Respir Care. 2013 Jul;58(7):1204-12. doi: 10.4187/respcare.01961. Epub 2012 Dec 4.
In patients with COPD, chronic anemia is known as an unfavorable prognostic factor. Whether the association between hemoglobin (Hb) levels and long-term survival is restricted to anemia or extends to higher Hb levels has not yet been systematically assessed.
We determined Hb levels in 309 subjects with COPD and chronic respiratory failure prior to initiation of noninvasive ventilation, accounting for confounders that might affect Hb. Subjects were categorized as anemic (Hb < 12 g/dL in females, Hb < 13 g/dL in males), polycythemic (Hb ≥ 15 g/dL in females, Hb ≥ 17 g/dL in males), or normocythemic. In addition, percentiles of Hb values were analyzed with regard to mortality from any cause.
Two-hundred seven subjects (67.0%) showed normal Hb levels, 46 (14.9%) had anemia, and 56 (18.1%) had polycythemia. Polycythemic subjects showed a higher survival rate than anemic (P = .01) and normocythemic subjects (P = .043). In a univariate Cox hazards model, Hb was associated with long-term survival (hazard ratio 0.855; 95% CI 0.783-0.934, P < .001). The 58th percentiles of Hb (14.3 g/dL in females, 15.1 g/dL in males) yielded the highest discriminative value for predicting survival (hazard ratio 0.463, 95% CI 0.324-0.660, P < .001). In the multivariate analysis this cutoff was an independent predictor for survival (hazard ratio 0.627, 95% CI 0.414-0.949, P = .03), in addition to age and body mass index.
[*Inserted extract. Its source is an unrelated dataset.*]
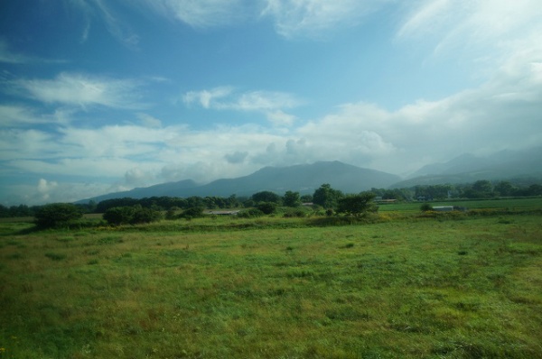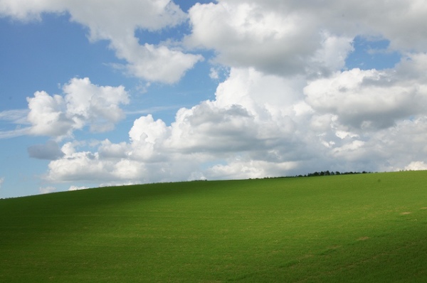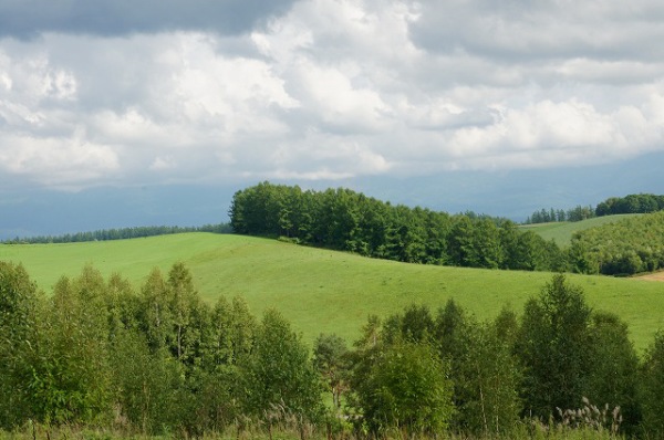 | 丘の緑と青空に浮かぶ白い入道雲のコントラストがきれいです | ![]() |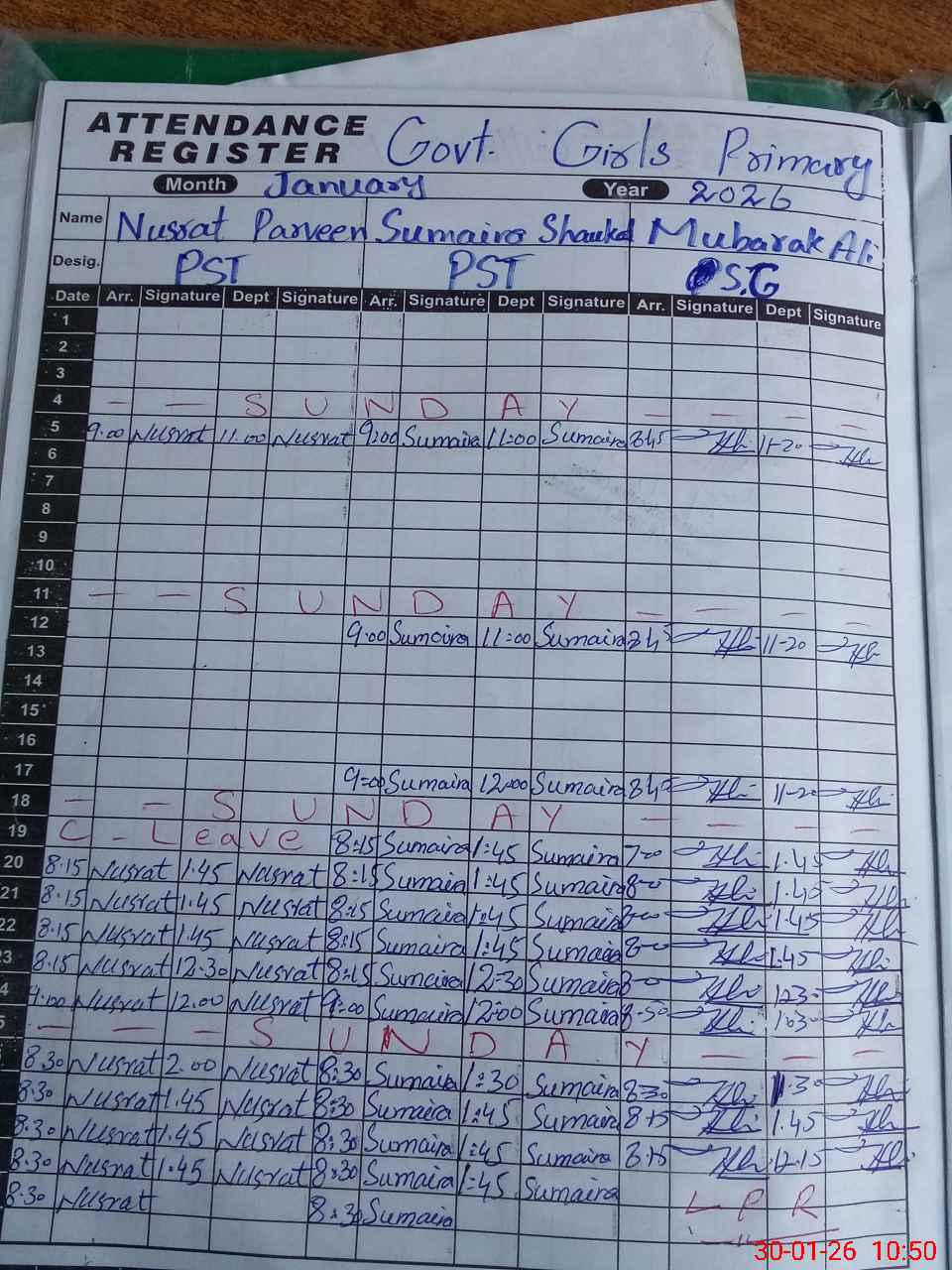 | CNIC | Full Name | Designation | R/C | Absence During Last Calender Month |

In subjects with COPD and chronic respiratory failure undergoing treatment with noninvasive ventilation and LTOT, high Hb levels are associated with better long-term survival. The optimal cutoff level for prediction was above the established threshold defining anemia. Thus, predicting survival only on the basis of anemia does not fully utilize the prognostic potential of Hb values in COPD.
在 COPD 患者中,慢性贫血是一种不利的预后因素。血红蛋白(Hb)水平与长期生存之间的关联是否仅限于贫血,还是扩展到更高的 Hb 水平,尚未得到系统评估。
我们在开始无创通气之前,确定了 309 例 COPD 和慢性呼吸衰竭患者的 Hb 水平,考虑了可能影响 Hb 的混杂因素。将受试者分为贫血(女性 Hb < 12 g/dL,男性 Hb < 13 g/dL)、红细胞增多症(女性 Hb ≥ 15 g/dL,男性 Hb ≥ 17 g/dL)或正常 Hb 水平。此外,还分析了 Hb 值的百分位数与任何原因导致的死亡率之间的关系。
207 例(67.0%)患者 Hb 水平正常,46 例(14.9%)贫血,56 例(18.1%)红细胞增多症。红细胞增多症患者的生存率高于贫血(P =.01)和正常 Hb 水平(P =.043)患者。在单变量 Cox 风险模型中,Hb 与长期生存相关(风险比 0.855;95%CI 0.783-0.934,P <.001)。Hb 的第 58 个百分位数(女性 14.3 g/dL,男性 15.1 g/dL)对预测生存具有最高的区分价值(风险比 0.463,95%CI 0.324-0.660,P <.001)。在多变量分析中,该截点是生存的独立预测因素(风险比 0.627,95%CI 0.414-0.949,P =.03),除年龄和体重指数外。
在接受无创通气和 LTOT 治疗的 COPD 和慢性呼吸衰竭患者中,高 Hb 水平与长期生存相关。预测生存的最佳截断值高于定义贫血的既定阈值。因此,仅基于贫血来预测生存并不能充分利用 Hb 值在 COPD 中的预后潜力。